Published 20.12.2023

What to bear in mind when considering shopping with hire purchase

What to bear in mind when considering shopping with hire purchase

When you buy something on hire purchase, you get the item or service and pay it off in instalments. Does hire purchase always work the same way? Priit Pekarev, Head of Retail Banking at Holm Bank, explains.

Hire purchase is usually a form of private consumer credit but not always. The most common type of hire purchase is the one you can apply for and sign an agreement for in a store. You obtain the goods and pay for them over a longer period according to a repayment schedule. This service usually incurs an agreement fee plus interest, but not always.

There are situations where the merchant and the financial company will offer fee-free hire purchase as part of a campaign: you get the goods straight away and pay them off in parts later on without incurring any additional costs.

Some stores also offer a ‘split’ service, which is to say dividing the price up into equal parts.
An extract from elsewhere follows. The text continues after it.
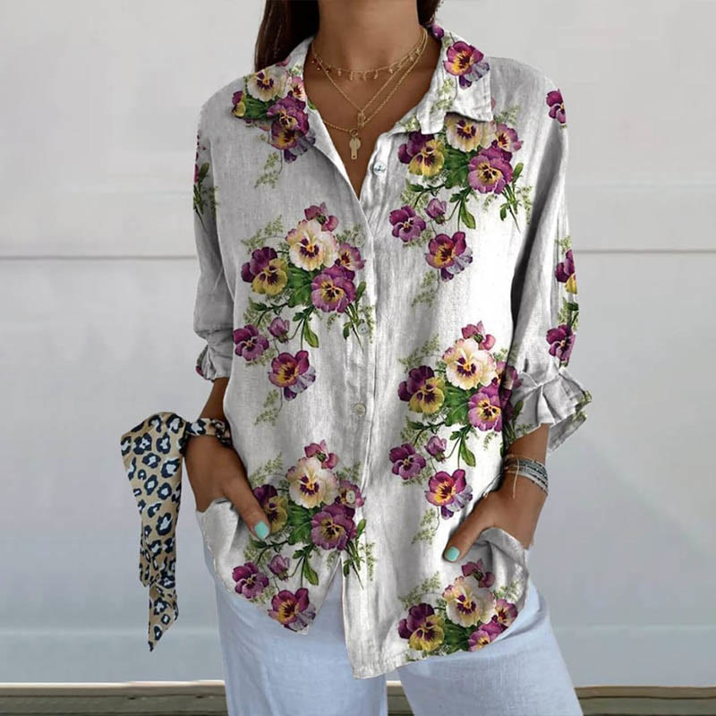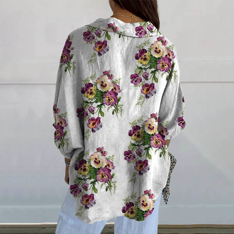 Women's Vintage Lovely Pansies Art Print Lapel Long Sleeve Blouse

In general, this comes with no extra fees or costs for the customer. Again, you obtain the goods immediately and then pay for them in e.g. three equal parts in such a way that the total cost is no more expensive than if paid for the purchase outright. Whichever the offer, you should always make sure you are aware of the terms and conditions of the agreement and make informed decisions. Even if the service is free of charge, penalties are often imposed if you breach the terms of the agreement, such as by missing a repayment deadline.

The prerequisite for making use of any such hire purchase options is an agreement entered into between the merchant and the company offering the financial services. However, there are still merchants in Estonia who have not embarked on such agreements and who therefore do not offer their customers hire purchase options. Nor has it been possible to buy goods with hire purchase from foreign online stores or when abroad.
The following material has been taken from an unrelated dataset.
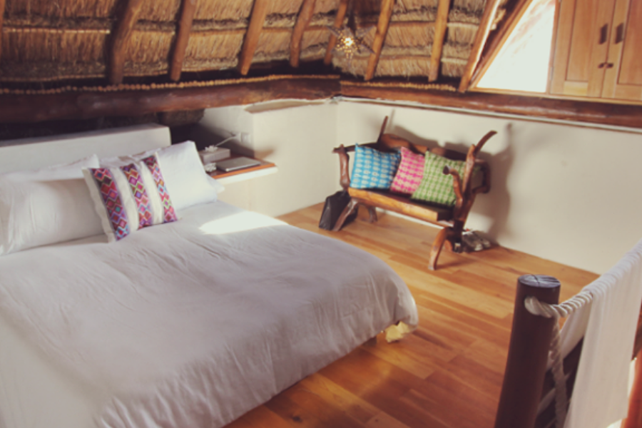 Hotel El Pueblito is an excellent new hotel, tucked inside Holbox’s pretty wooden shopping centre by the same name. This central hotel offers guests warm and elegantly decorated rooms made with materials from the region. Bright, fresh, and with everything you need for a highly comfortable stay in Holbox, Hotel El Pueblito is a wonderful options for couples and families alike. Choose between luxurious double rooms, king-sized suites, some with a balcony, or even their spacious studio which can sleep up to 4 people. All rooms have a flat-screen TV, air-conditioning and ceiling fans, safety deposit box, and natural toiletries from the region.

Holm Bank recently launched a new service that significantly enhances its existing hire purchase service, Liisi, which was the first of its kind to be introduced in Estonia. Liisi Plus enables consumers to pay for purchases in instalments even in stores that do not offer hire purchases and for shopping made abroad or in foreign online stores. Liisi Plus is not limited to paying in physical and online stores – it can be used to pay for services, whether it be training, dental work, car repairs, or anything else. The bank is currently offering fee-free hire purchases on six-month agreements – with no interest and no agreement fee.

“Holm is Estonia’s own bank,” Pekarev said. “Our roots are in the resort town Haapsalu, but these days we offer services online all over the country. The very first service we offered was the Liisi hire purchase, which people in Estonia have been using now for 28 years. As a small local bank, we are close to our clients: we know what they need, and we can respond promptly to those needs. That is exactly how our new service, Liisi Plus, came about.”

Pekarev says that almost everyone today uses smartphones, the younger generation in particular. “The days when phones were only used to make calls are long gone,” he remarked. “Now they are the camera you always have on you, and the main tool you interact with others. For this reason, it was obvious to us that from the point of view of consumer convenience, we had to approach our new service with smartphones in mind. To apply for Liisi Plus hire purchase, all you need to do is take a photo of the product you want to buy, along with its price tag, and submit it on the Holm self-service site along with your application. The process is as convenient as taking a photo of your pet and posting it on social media.” Pekarev adds that when it comes to Holm’s duty of care and responsibility, the bank is not making any concessions with the new service. “We always check a client’s financial ability to perform repayments,” he said. “Customers should be prepared for the fact that their applications may be turned down if our background checks suggest that payments could cause difficulties.”